The remainder of this paper is organized as follows. The related works are presented in Section 2, and the preliminaries for the paper are in Section 3. Section 4 presents the system model for the proposed scheme, including network model, adversary model, and security model. Section 5 explains the proposed medical data sharing scheme. Informal and formal Security analyses are performed in Section 6, and the comparative analysis is conducted in Section 7. Section 8 summarizes the conclusions of this paper.
2. Related Works
Considerable research has been conducted in the realm of medical data sharing with a notable focus on data security and privacy preservation. In 2022, Bao et al. [15] proposed a lightweight ABE scheme, specifically tailored for the Internet of Things (IoT) and supported by cloud technology, within smart healthcare systems. Their approach prioritizes both the efficiency required by resource-limited devices and the implementation of fine-grained access control, ensuring that data access aligns with user authorization levels. Mamta et al. [16] developed a secure and efficient fine-grained data sharing scheme for IoT-based healthcare systems. Their approach critiques existing models of fine-grained medical data sharing and leverages fog computing alongside ABE to significantly reduce the computational load on data users while simultaneously enhancing data confidentiality. Wang et al. [17] proposed a consortium blockchain-based scheme for personal health record (PHR) management and sharing that prioritizes both security and privacy. They emphasized the importance of allowing patients to customize access control to their PHR according to their individual preferences, ensuring that only authorized users have access. To achieve this, they integrated a modified ABE scheme with smart contracts, enabling functionalities for secure search, privacy preservation, and personalized access control.
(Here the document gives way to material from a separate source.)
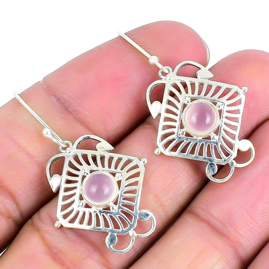Rose Quartz Gemstone Unique Dangle Heart Chakra Earrings Jewelry Sterling Silver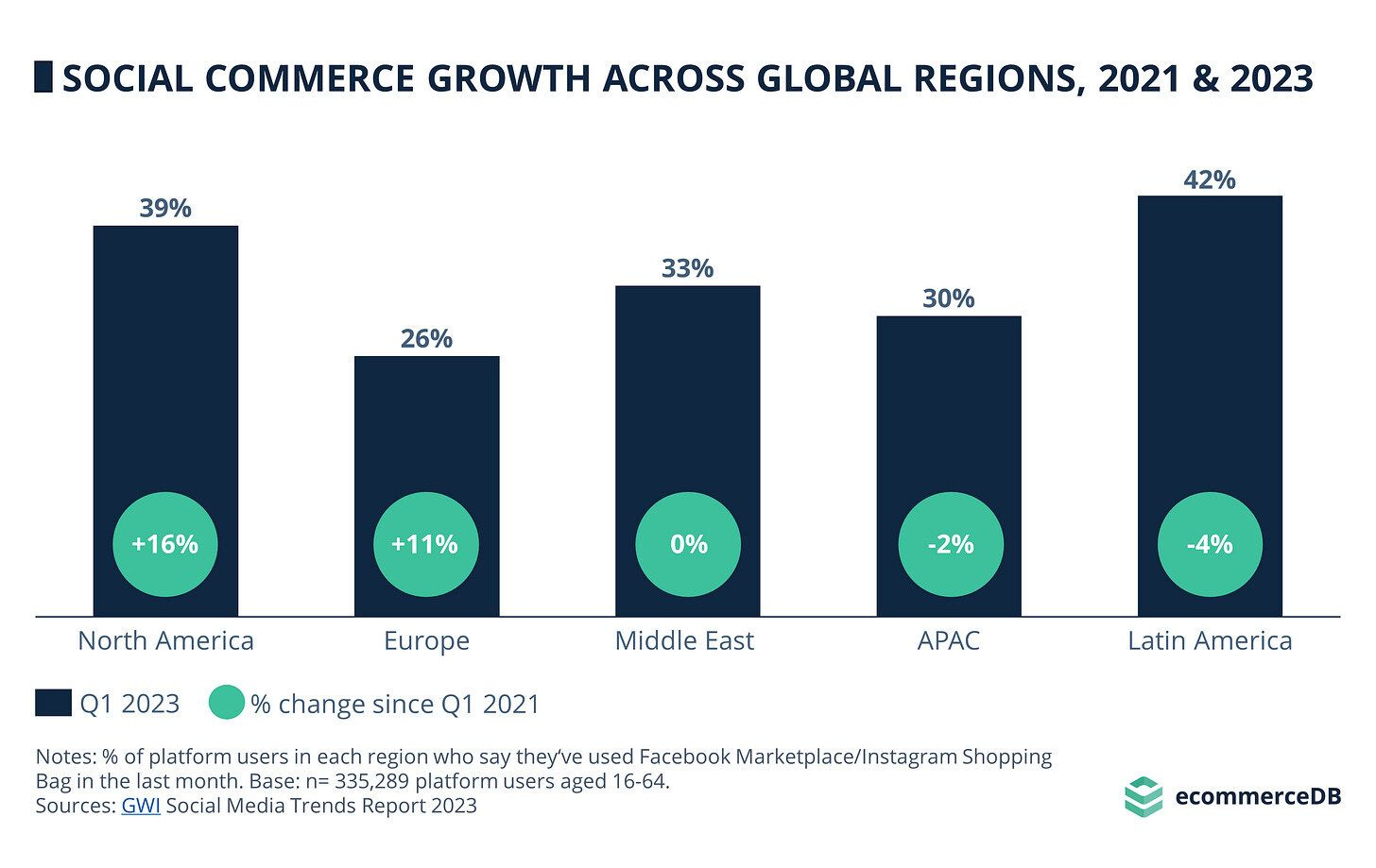 🎯 Imprescindible el report de eCommerceDB para entender por que el Social Commerce en Europa no sigue el ritmo del resto del mundo, los ratios se mantienen muy por debajo. América Latina está a la cabeza, con el 42 % de los usuarios de la plataforma diciendo que han utilizado Facebook Marketplace o Instagram Shopping Bag en el último mes. Asia y el Pacífico es la siguiente con un 30% mientras en Europa es del 26%. Sin embargo, esta cifra ha crecido un 11 % desde 2021, lo que sugiere un cambio lento pero constante en el comportamiento del consumidor.

Oh et al. [18] introduced a patient-centric secure PHR sharing system, addressing data integrity, transparency, mutual authentication, etc. They acknowledged the common use of ABSE in medical data sharing but identified key management challenges inherent in its implementation. To address this issue, they adopted the concept of key aggregate searchable encryption (KASE), presenting a key aggregate dynamic searchable encryption framework integrated with a linear secret sharing scheme.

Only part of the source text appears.